- MATERIAL PROVIDED
────────────────────
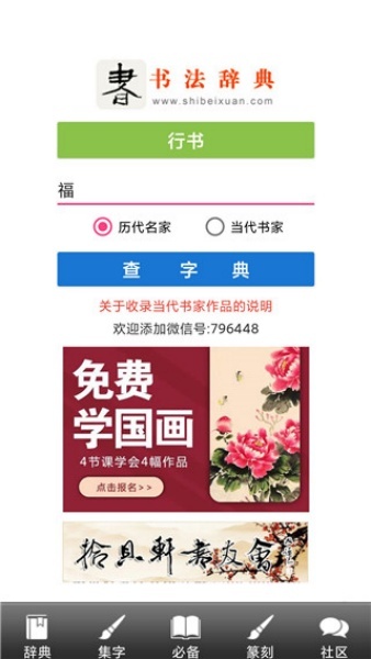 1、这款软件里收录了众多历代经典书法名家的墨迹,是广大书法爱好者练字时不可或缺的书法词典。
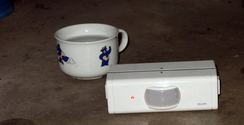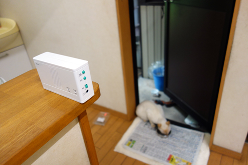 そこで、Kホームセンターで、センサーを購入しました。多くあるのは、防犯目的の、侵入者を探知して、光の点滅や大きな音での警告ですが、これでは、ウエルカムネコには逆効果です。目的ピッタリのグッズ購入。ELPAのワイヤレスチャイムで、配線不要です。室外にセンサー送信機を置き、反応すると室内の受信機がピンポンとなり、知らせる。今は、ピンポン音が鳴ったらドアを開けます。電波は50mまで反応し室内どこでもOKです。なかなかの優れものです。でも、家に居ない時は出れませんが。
────────────────────
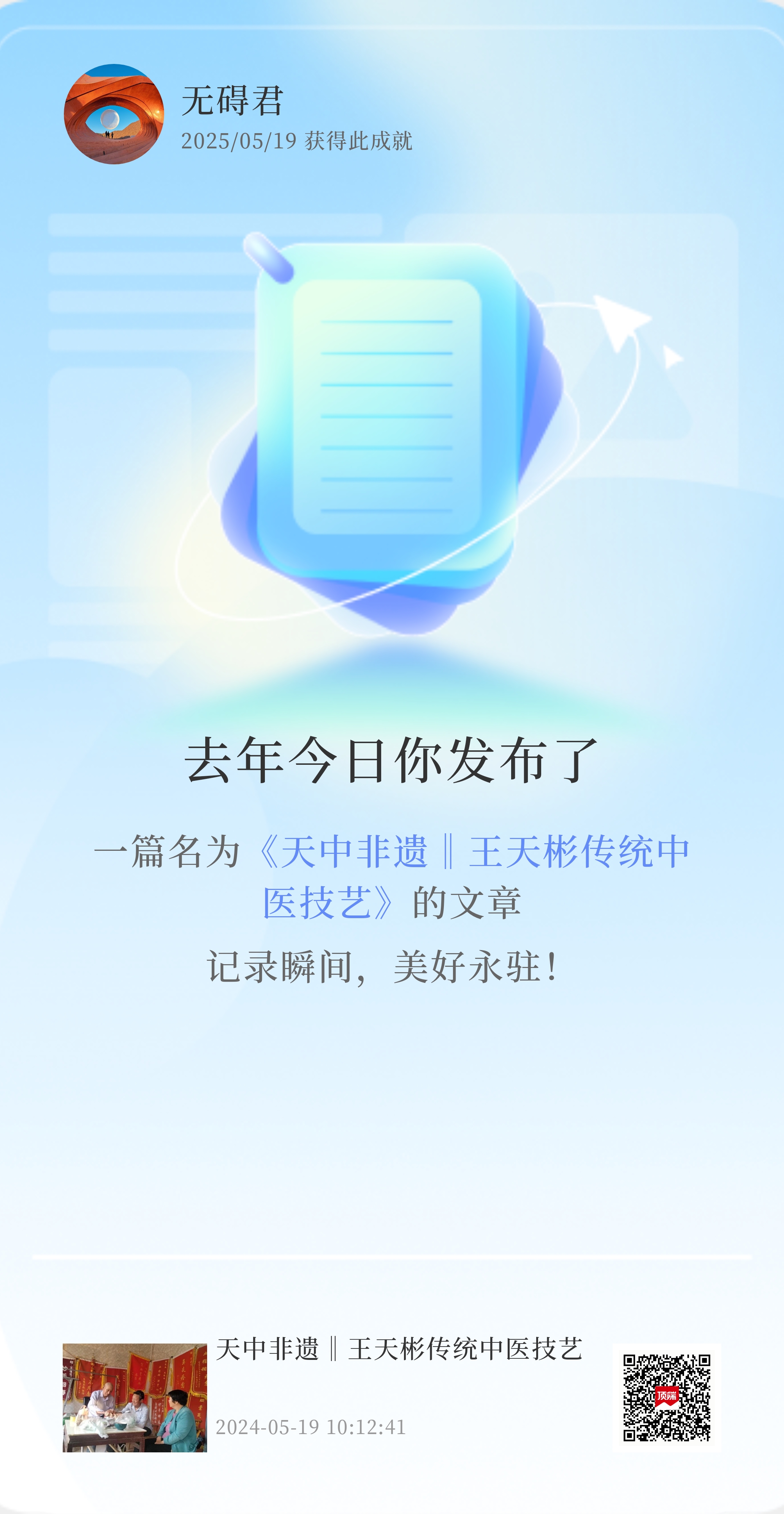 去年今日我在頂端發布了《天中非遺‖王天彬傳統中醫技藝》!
────────────────────
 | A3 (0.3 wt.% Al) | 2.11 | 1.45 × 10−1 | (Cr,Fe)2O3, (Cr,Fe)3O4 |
────────────────────
- YOUR INSTRUCTIONS
Within the listing above, extract exactly the lines that run from the one containing "1、这款软件里收录了众多历代" through the one containing "そこで、Kホームセンターで、", excluding any pictures.

- FINISHED EXERCISE
 1、这款软件里收录了众多历代经典书法名家的墨迹,是广大书法爱好者练字时不可或缺的书法词典。
 そこで、Kホームセンターで、センサーを購入しました。多くあるのは、防犯目的の、侵入者を探知して、光の点滅や大きな音での警告ですが、これでは、ウエルカムネコには逆効果です。目的ピッタリのグッズ購入。ELPAのワイヤレスチャイムで、配線不要です。室外にセンサー送信機を置き、反応すると室内の受信機がピンポンとなり、知らせる。今は、ピンポン音が鳴ったらドアを開けます。電波は50mまで反応し室内どこでもOKです。なかなかの優れものです。でも、家に居ない時は出れませんが。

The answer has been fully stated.